In the NHL, teams can get rewarded with home ice even with a worse record and fewer points than their opponent.

Division winners are seeded in the top three spots for the post-season ahead of teams with whopping point totals. In the East, that means Southeast leader Washington (44 points) is placed ahead of Boston (54 points) and Toronto (48 points) in the standings entering Wednesday night's action. If conference seeding was based solely on points, the playoff race would be a bit more fair. The Capitals would be in the mix with Ottawa and the New York Islanders (44 points each) for the eighth and final spot, playing down the stretch for a post-season berth, not looking toward home ice.
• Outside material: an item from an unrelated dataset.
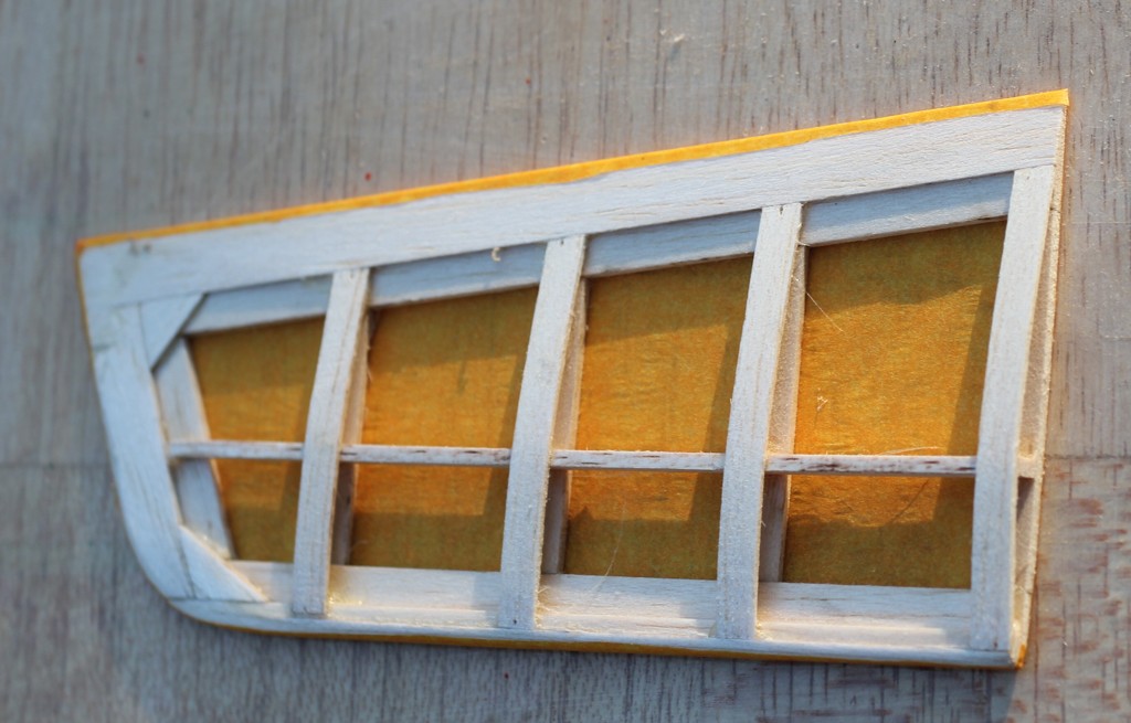 Křídlo je vytvořeno pouze z lišt či „pásků“ které si můžete nařezat téměř z čehokoliv. Model lepte nejlépe lepidlem UHU Hart.

Should Alex Ovechkin and the surging Capitals slip, Winnipeg could pounce and take advantage of the inane rule. The Jets trail Washington by two points in the Southeast, even though they are tied in points with the New York Rangers, who are eighth in the East.

The Jets-Capitals game on April 23 could be the difference in seed No. 3 or No. 8—or maybe no seed at all and a date with the golf course.

The NHL has this system because it wants to make division races matter, and also because of an unbalanced schedule that is on its last days with realignment on the way.

The new format goes into effect next season, and will feature two eight-team divisions in the Eastern Conference, including the Red Wings and Blue Jackets moving over from the West. The Jets will now be part of a Western Conference that's made up of two seven-team divisions.

The new format also creates changes in determining the 16-team playoff field. The top three teams in each division will qualify for the post-season. The next two teams with the best records in each conference will then earn wild-card berths.

That will make it more difficult for teams to qualify in the East, because it will have two more clubs than the West competing for eight berths.

Problems for another year. Right now, it's about getting in—any way you can.

Washington (five straight wins) and Winnipeg (two straight) understand that, and they are playing like it. After all, the label of that No. 3 seed would allow one of them to dodge a likely date with the streaking Penguins in Round 1.

Stay in third, and there's a better chance of advancing. The Capitals would play Ottawa, a No. 6 seed, based on standings through Wednesday.

But, once the playoffs start, often times that discrepancy in talent and point production filters out, regardless of seed. Last year, for instance, Florida snagged that No. 3 seed—and home ice—and still lost in the first round to No. 6 New Jersey.

"I think anyone who's competitive, you might not watch it every day, but you kind of have a good feel for it," Penguins defenceman Brooks Orpik said of the race. "I think we've positioned ourselves now that we don't have to worry about trying to get every single little point to get in, which is good."

Pittsburgh clinched the Atlantic Division title by beating the free-falling Carolina Hurricanes 5-3 Tuesday. The Penguins became the first team in the NHL to claim a division crown in this shortened season.

The Blackhawks are close to wrapping up a division crown, even as Anaheim is on the brink of clinching a playoff berth. Blackhawks goalie Ray Emery knows even if the seeds aren't necessarily fair for a couple of teams, the best ones can win out in the playoffs no matter the circumstances.

"Obviously, it's nice to have home ice throughout, but I think it's more important to be playing really well going in," said Emery, who watched from afar as the Kings—playing as the final seed in the West—won the Stanley Cup last June. "You look at past playoffs, where L.A. comes in at No. 8. So, I don't think the standings are necessarily as important as playing well."

Chicago and Pittsburgh can rest up over the final two weeks before the playoffs begin April 30. They'll earn their spot as the top seeds.

But perhaps the right idea is to seed teams Nos. 1-8 based on points. Some front office personnel say there has to be a reward for winning the division, making the current system the right one.

There may not be a right answer—but it can sure make for interesting post-season hockey.

_____

AP Sports Writers Joedy McCreary and Dave Campbell contributed to this report.